What to produce: Every record below must be retyped exactly, with the pictures left out.

Recorded data
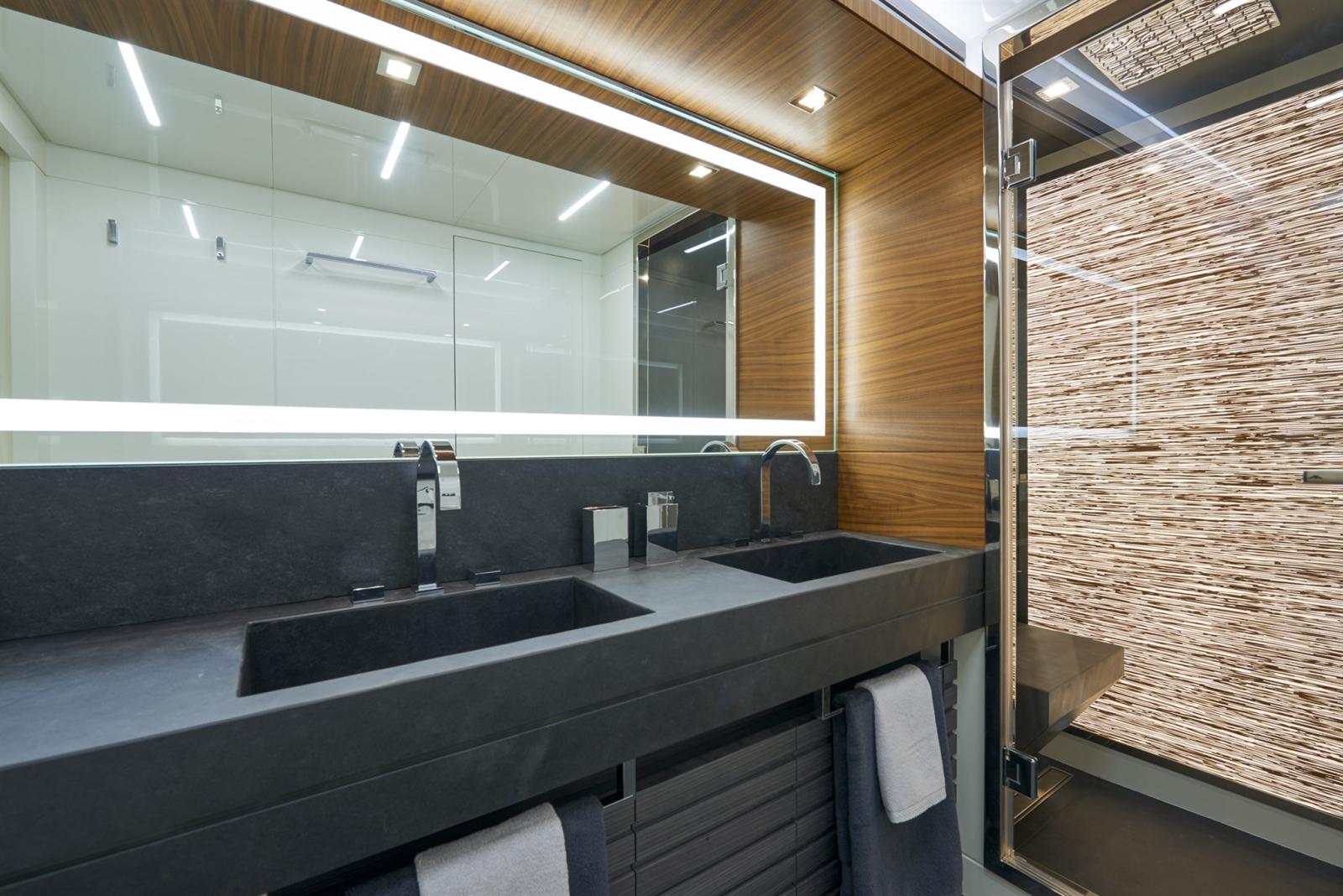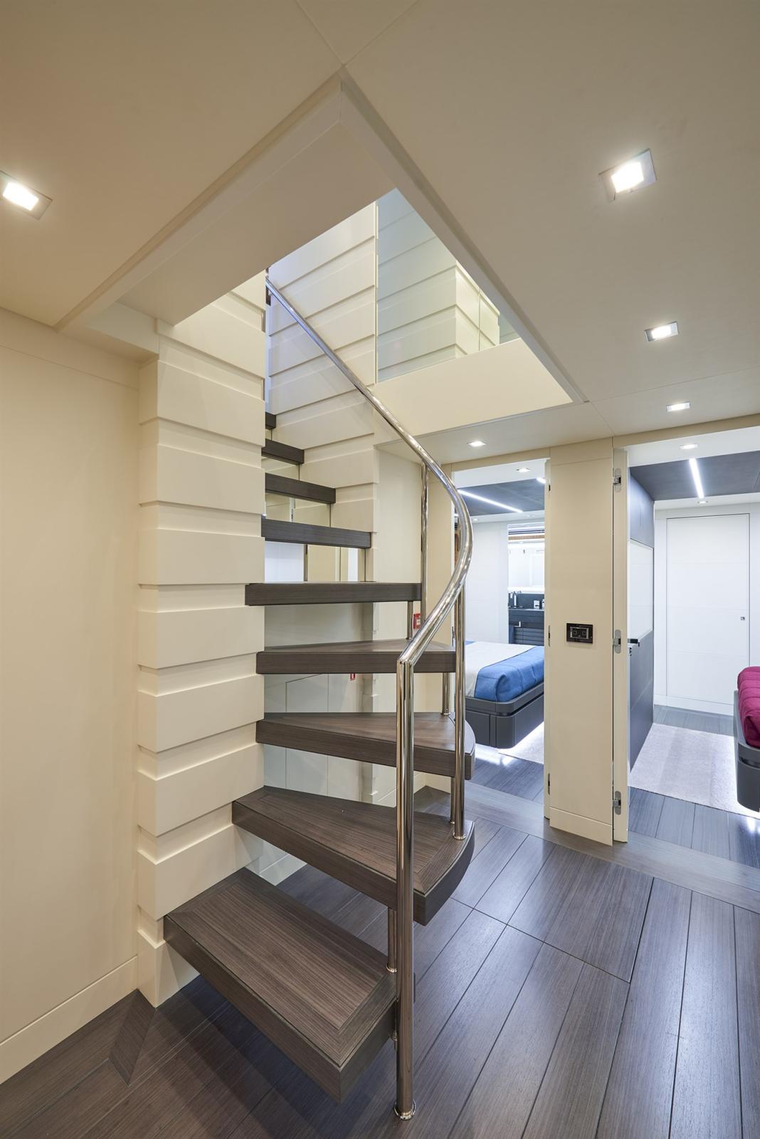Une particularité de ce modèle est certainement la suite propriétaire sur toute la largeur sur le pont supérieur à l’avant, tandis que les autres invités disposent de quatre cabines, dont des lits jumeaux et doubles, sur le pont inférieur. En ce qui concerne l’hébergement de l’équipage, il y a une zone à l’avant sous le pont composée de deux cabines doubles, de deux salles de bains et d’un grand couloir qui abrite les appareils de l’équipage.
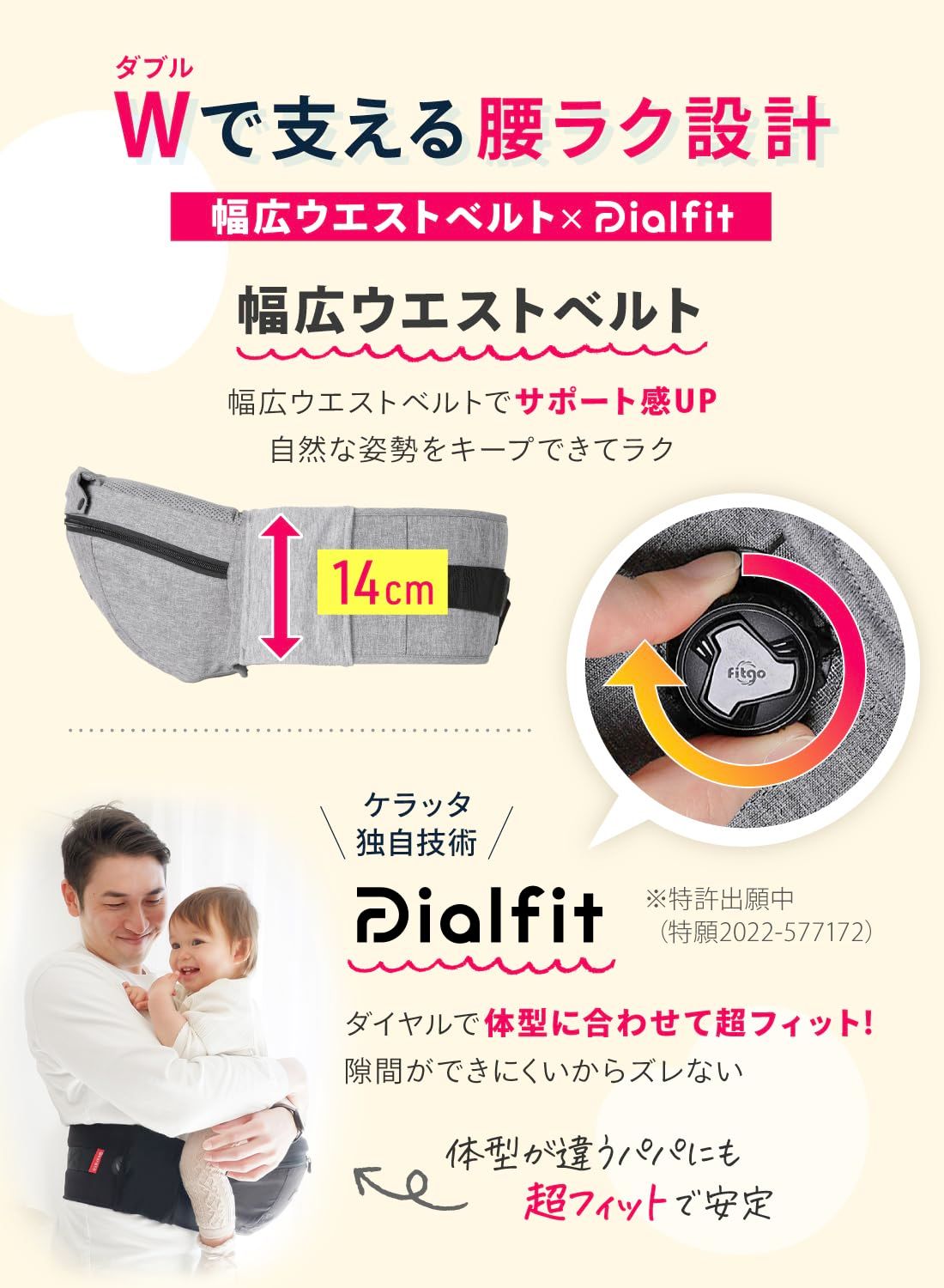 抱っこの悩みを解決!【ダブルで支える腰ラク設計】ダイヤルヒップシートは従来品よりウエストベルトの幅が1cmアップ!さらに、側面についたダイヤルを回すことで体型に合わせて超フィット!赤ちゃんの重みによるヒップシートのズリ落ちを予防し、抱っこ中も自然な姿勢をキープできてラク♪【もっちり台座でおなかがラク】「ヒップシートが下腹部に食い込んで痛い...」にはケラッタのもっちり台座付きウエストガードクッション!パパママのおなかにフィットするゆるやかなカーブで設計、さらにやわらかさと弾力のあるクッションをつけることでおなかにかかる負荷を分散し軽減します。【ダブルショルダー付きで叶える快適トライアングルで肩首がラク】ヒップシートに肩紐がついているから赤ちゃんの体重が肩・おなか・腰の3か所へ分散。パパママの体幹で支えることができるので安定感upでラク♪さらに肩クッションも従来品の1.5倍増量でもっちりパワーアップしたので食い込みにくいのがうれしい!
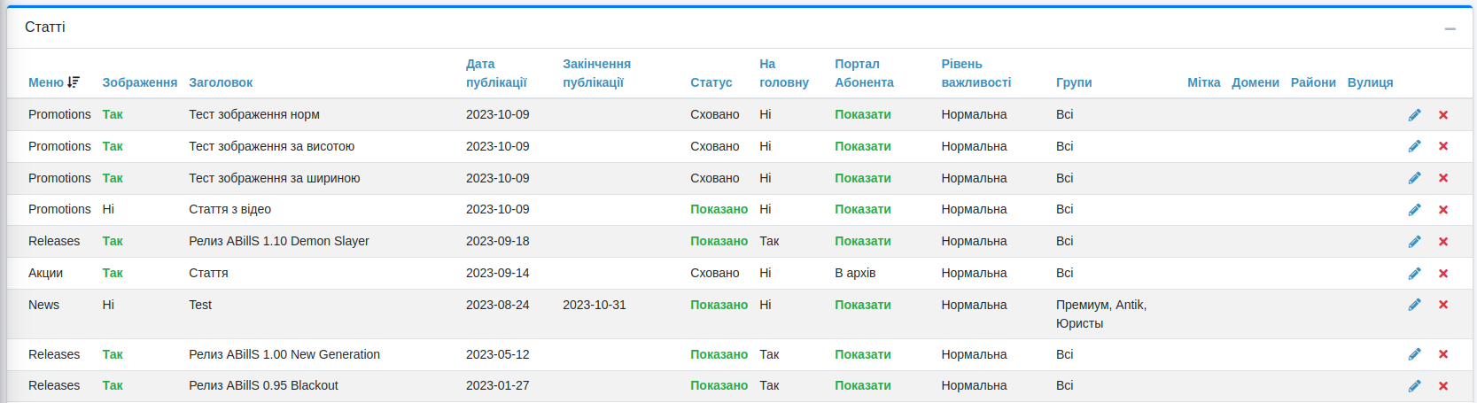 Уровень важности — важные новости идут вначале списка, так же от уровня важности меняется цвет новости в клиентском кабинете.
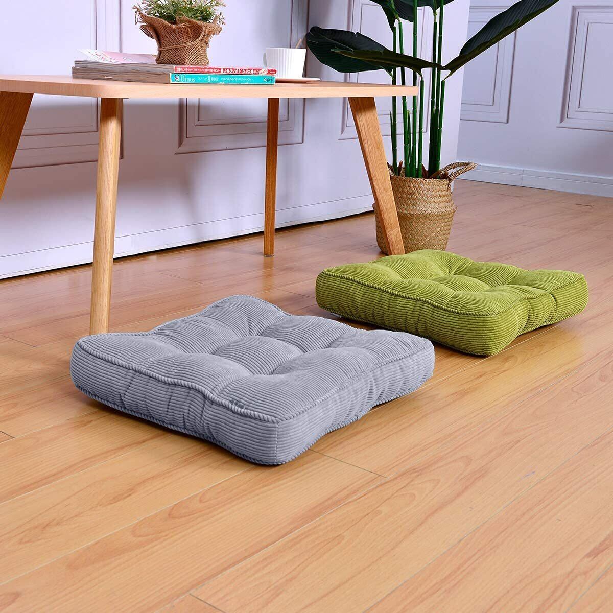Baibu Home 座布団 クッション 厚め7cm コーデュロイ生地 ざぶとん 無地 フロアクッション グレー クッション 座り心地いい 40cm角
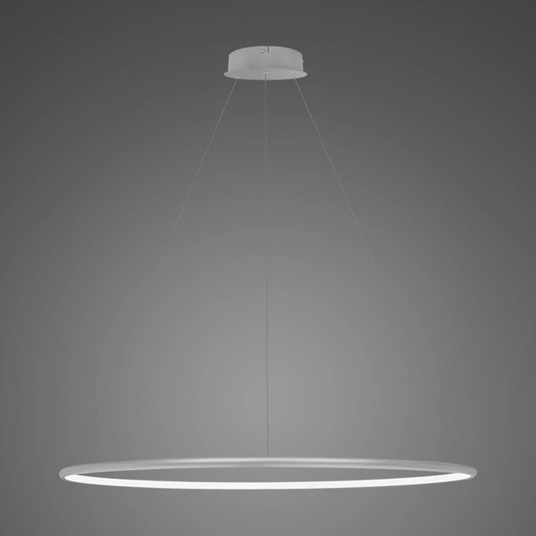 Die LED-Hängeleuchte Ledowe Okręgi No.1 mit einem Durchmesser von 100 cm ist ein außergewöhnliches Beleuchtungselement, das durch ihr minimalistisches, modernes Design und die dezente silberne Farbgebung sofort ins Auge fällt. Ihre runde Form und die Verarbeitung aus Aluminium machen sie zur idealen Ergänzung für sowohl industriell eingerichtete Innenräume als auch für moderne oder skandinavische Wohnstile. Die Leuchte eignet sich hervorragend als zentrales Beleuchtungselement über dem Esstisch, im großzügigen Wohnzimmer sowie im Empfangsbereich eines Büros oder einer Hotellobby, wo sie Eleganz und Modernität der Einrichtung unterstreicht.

Response for this exercise:
Une particularité de ce modèle est certainement la suite propriétaire sur toute la largeur sur le pont supérieur à l’avant, tandis que les autres invités disposent de quatre cabines, dont des lits jumeaux et doubles, sur le pont inférieur. En ce qui concerne l’hébergement de l’équipage, il y a une zone à l’avant sous le pont composée de deux cabines doubles, de deux salles de bains et d’un grand couloir qui abrite les appareils de l’équipage.
 抱っこの悩みを解決!【ダブルで支える腰ラク設計】ダイヤルヒップシートは従来品よりウエストベルトの幅が1cmアップ!さらに、側面についたダイヤルを回すことで体型に合わせて超フィット!赤ちゃんの重みによるヒップシートのズリ落ちを予防し、抱っこ中も自然な姿勢をキープできてラク♪【もっちり台座でおなかがラク】「ヒップシートが下腹部に食い込んで痛い...」にはケラッタのもっちり台座付きウエストガードクッション!パパママのおなかにフィットするゆるやかなカーブで設計、さらにやわらかさと弾力のあるクッションをつけることでおなかにかかる負荷を分散し軽減します。【ダブルショルダー付きで叶える快適トライアングルで肩首がラク】ヒップシートに肩紐がついているから赤ちゃんの体重が肩・おなか・腰の3か所へ分散。パパママの体幹で支えることができるので安定感upでラク♪さらに肩クッションも従来品の1.5倍増量でもっちりパワーアップしたので食い込みにくいのがうれしい!
 Уровень важности — важные новости идут вначале списка, так же от уровня важности меняется цвет новости в клиентском кабинете.
Baibu Home 座布団 クッション 厚め7cm コーデュロイ生地 ざぶとん 無地 フロアクッション グレー クッション 座り心地いい 40cm角
 Die LED-Hängeleuchte Ledowe Okręgi No.1 mit einem Durchmesser von 100 cm ist ein außergewöhnliches Beleuchtungselement, das durch ihr minimalistisches, modernes Design und die dezente silberne Farbgebung sofort ins Auge fällt. Ihre runde Form und die Verarbeitung aus Aluminium machen sie zur idealen Ergänzung für sowohl industriell eingerichtete Innenräume als auch für moderne oder skandinavische Wohnstile. Die Leuchte eignet sich hervorragend als zentrales Beleuchtungselement über dem Esstisch, im großzügigen Wohnzimmer sowie im Empfangsbereich eines Büros oder einer Hotellobby, wo sie Eleganz und Modernität der Einrichtung unterstreicht.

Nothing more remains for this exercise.